The Stupidity of Prior Authorizations in Healthcare


My dad had a saying whenever we did something not to his liking.  His quote has cemented itself in my head after all these years, and though I’ve never used it with my kids, there are times it flashes in my brain whenever I or someone else does something, really, really…for lack of a better word…stupid.  So what did he say that left such an indelible mark on a young mind?:

“Are you really that stupid or are you trying to piss me off?”

Yep, that was Dad.  When I was a kid, I understood this to be a rhetorical question, though rhetorical was not yet in my vocabulary.  This was more of a statement rather than an inquiry.  I understood it required no response since its meaning was crystal clear, until one day he looked straight at me for an answer.

“Well?”

What?  Are you kidding me?  He actually wanted an answer!  I stumbled with a bunch of “uhs” and still he stood there, hands on hips, waiting for an answer.  I was sweating it bad, going over all the foreseeable consequences of a response.  If I said I was stupid it would seem I was mocking him—bad, very bad.   And if I said I was pissing him off, well that would be very, very bad.  Nobody wanted to piss-off ex-paratrooper-in-the-82nd-Airborne-Dad, especially a 10-year-old kid.  That would be insane.  That was the definition of stupid.  And yet there I was in a Catch-22, another word not yet in my vocabulary.
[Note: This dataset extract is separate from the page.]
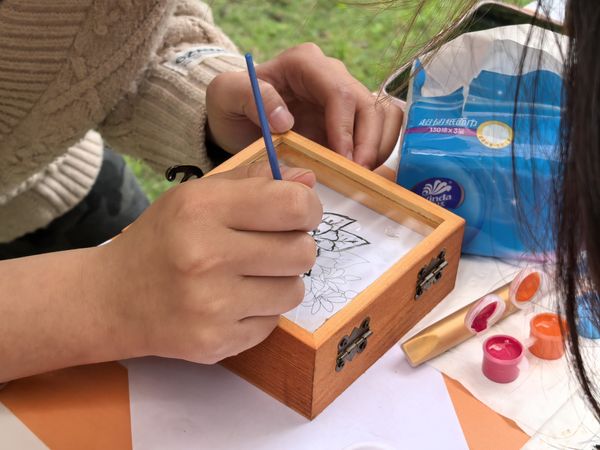 本次市集还特别设置了咖啡手串、宋锦、烧箔画、玻璃画等非遗体验摊位,将红色教育与弘扬中华优秀传统文化深度融合,让学子在体验非遗技艺、感受传统文化魅力的同时,进一步厚植家国情怀,实现了红色铸魂与文化润心双向赋能。

I hurriedly came up with the best answer I could:  “Uh, uh, I think I’m stupid.  Uh, I think I got that from Mom?”

Notice the last sentence was phrased as a question since I wanted to convey an obvious sense of uncertainty with my response, hoping this would mitigate the resulting carnage.  Surprisingly, Dad simply said, “O.K.”

Shocked, I walked then skipped away with a sense of semi-joy.  Sure, I insulted Mom, but if it ever got back to her that I used her as a scapegoat, she’d know it was an untruth.  Mom was always much smarter than my late dad, God rest his soul.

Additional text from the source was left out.